▶ _Records shown_:
====

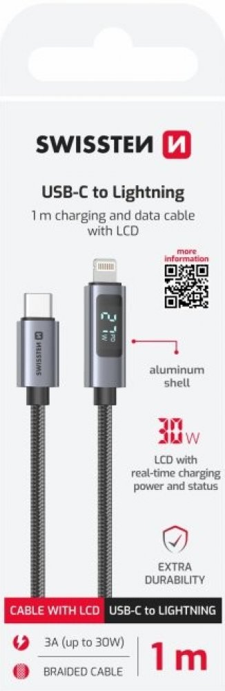 SWISSTEN LCD kabel USB-C / Lightning 1 m přináší revoluční způsob, jak mít neustálý přehled o průběhu nabíjení vašeho zařízení. Díky integrovanému LCD displeji okamžitě vidíte aktuální výkon ve wattech a indikaci technologie Power Delivery, což vám umožní efektivně kontrolovat rychlost nabíjení.
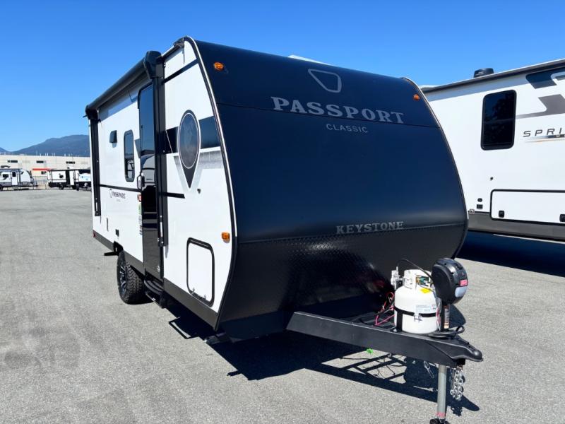 Comfort is found all throughout each one of these Keystone RV Passport Classic travel trailers! They are built with a one-piece polypropylene underbelly to protect your unit's vitals, and a seamless, laminated and gel-coated filon exterior that is sure to turn heads at the campsite. A fully walkable roof makes it easy to access when needed, and the leaf spring straight axles help provide smooth towing. The residential durable Beauflor vinyl flooring throughout and the seamless kitchen countertops will be easy to clean, and you can stay cool on a hot summer day with the A/C unit. Come find the Passport Classic that fits your needs best!
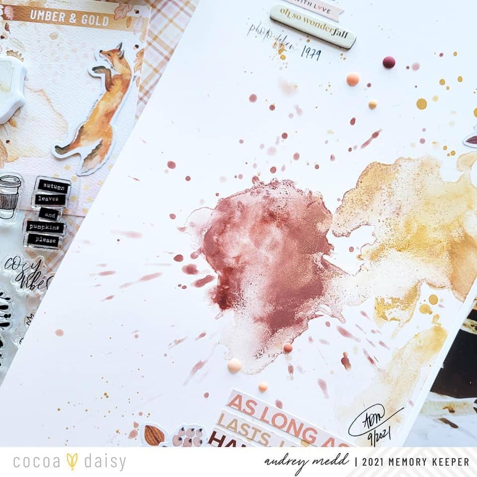 If you have seen the Umber & Gold Collection then you have seen the mixed media elements throughout this collection. We were so inspired by it, that we challenged our Creative Team to create a little mixed media of their own to complement this collection. Let’s see what beautiful spreads they created!
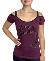 Женская мото футболка Harley-Davidson – стильная шнуровка на плечах + открытая г
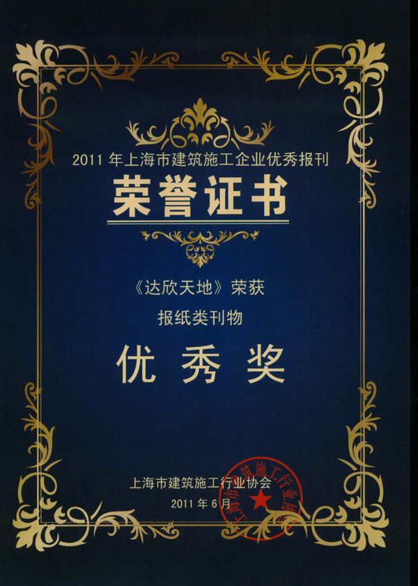 2011年上海市建筑施工企業(yè)優(yōu)秀報刊及協(xié)會優(yōu)秀通訊員表彰會日前召開,由上海市建筑施工企業(yè)優(yōu)秀報刊評委會評選,公司創(chuàng)辦的“達欣天地”報榮獲2011年上海市建筑施工企業(yè)優(yōu)秀報刊獎。
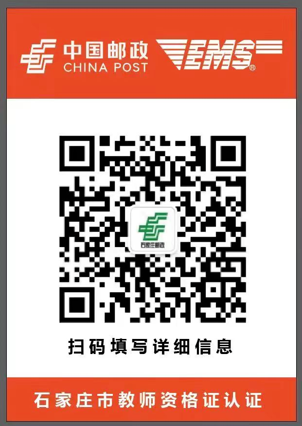 1.关注石家庄邮政官方微信公众号(如图)→2.左下角微寄递→3.教师资格证、体检报告→4.允许河北邮政EMS获取位置→5.教师资格证邮寄→6.位置确定→7.选择审批机构、填写网上报名号、(是否点击读取注册信息)姓名、身份证号、收件人姓名、电话、地址→8.保存并支付→9.申请提交成功。
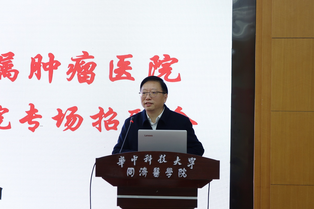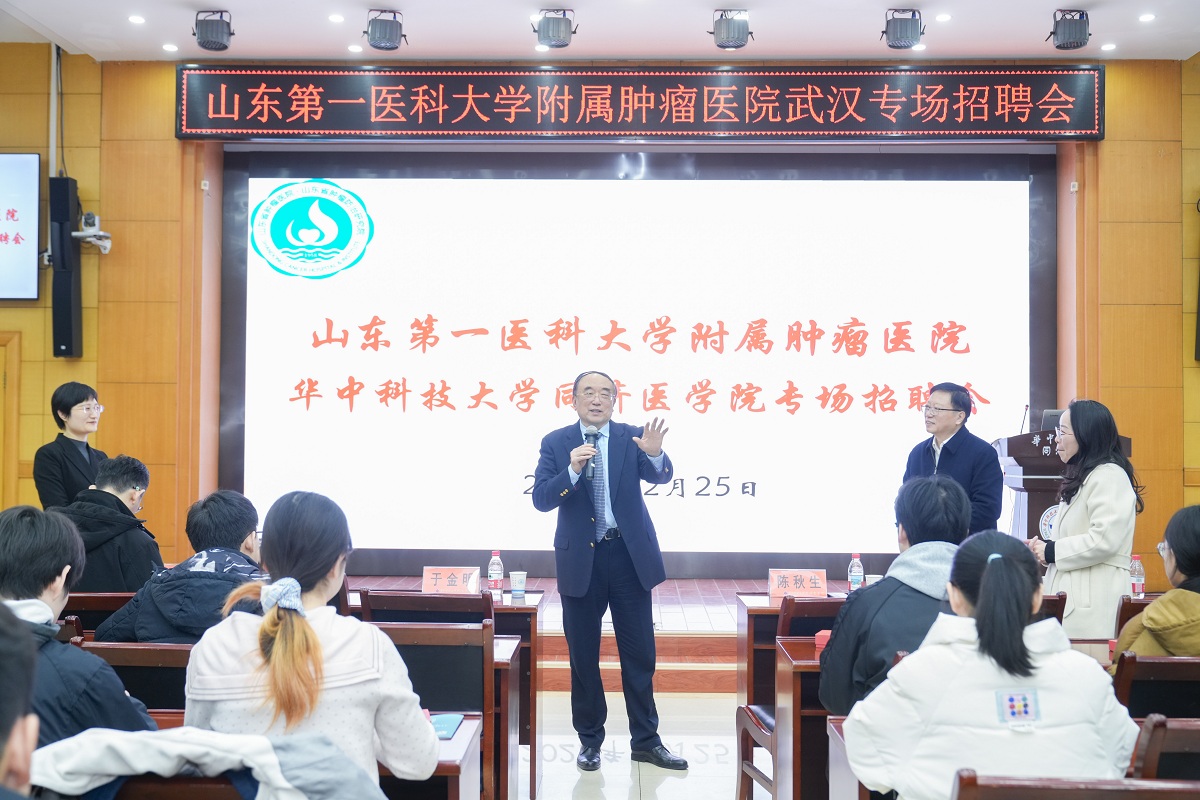 为深入实施人才强院战略,广泛吸引顶尖医学人才,12月25日,我院2026年“院士领衔,广纳贤才”校园招聘行来到了华中科技大学同济医学院,中国工程院院士、我院院长于金明,中国工程院院士、华中科技大学同济医学院院长邬堂春,华中科技大学同济医学院党委副书记陈秋生,我院副院长邢力刚,华中科技大学医学学生工作处副处长冯霞出席活动,山东省肿瘤医院和华中科技大学同济医学院相关部门负责人参加活动,陈秋生副书记主持活动。

====

▶ _The task_:
All of the material above must be given again verbatim, except for the pictures.

▶ _Task solution_:
 SWISSTEN LCD kabel USB-C / Lightning 1 m přináší revoluční způsob, jak mít neustálý přehled o průběhu nabíjení vašeho zařízení. Díky integrovanému LCD displeji okamžitě vidíte aktuální výkon ve wattech a indikaci technologie Power Delivery, což vám umožní efektivně kontrolovat rychlost nabíjení.
 Comfort is found all throughout each one of these Keystone RV Passport Classic travel trailers! They are built with a one-piece polypropylene underbelly to protect your unit's vitals, and a seamless, laminated and gel-coated filon exterior that is sure to turn heads at the campsite. A fully walkable roof makes it easy to access when needed, and the leaf spring straight axles help provide smooth towing. The residential durable Beauflor vinyl flooring throughout and the seamless kitchen countertops will be easy to clean, and you can stay cool on a hot summer day with the A/C unit. Come find the Passport Classic that fits your needs best!
 If you have seen the Umber & Gold Collection then you have seen the mixed media elements throughout this collection. We were so inspired by it, that we challenged our Creative Team to create a little mixed media of their own to complement this collection. Let’s see what beautiful spreads they created!
 Женская мото футболка Harley-Davidson – стильная шнуровка на плечах + открытая г
 2011年上海市建筑施工企業(yè)優(yōu)秀報刊及協(xié)會優(yōu)秀通訊員表彰會日前召開,由上海市建筑施工企業(yè)優(yōu)秀報刊評委會評選,公司創(chuàng)辦的“達欣天地”報榮獲2011年上海市建筑施工企業(yè)優(yōu)秀報刊獎。
 1.关注石家庄邮政官方微信公众号(如图)→2.左下角微寄递→3.教师资格证、体检报告→4.允许河北邮政EMS获取位置→5.教师资格证邮寄→6.位置确定→7.选择审批机构、填写网上报名号、(是否点击读取注册信息)姓名、身份证号、收件人姓名、电话、地址→8.保存并支付→9.申请提交成功。
 为深入实施人才强院战略,广泛吸引顶尖医学人才,12月25日,我院2026年“院士领衔,广纳贤才”校园招聘行来到了华中科技大学同济医学院,中国工程院院士、我院院长于金明,中国工程院院士、华中科技大学同济医学院院长邬堂春,华中科技大学同济医学院党委副书记陈秋生,我院副院长邢力刚,华中科技大学医学学生工作处副处长冯霞出席活动,山东省肿瘤医院和华中科技大学同济医学院相关部门负责人参加活动,陈秋生副书记主持活动。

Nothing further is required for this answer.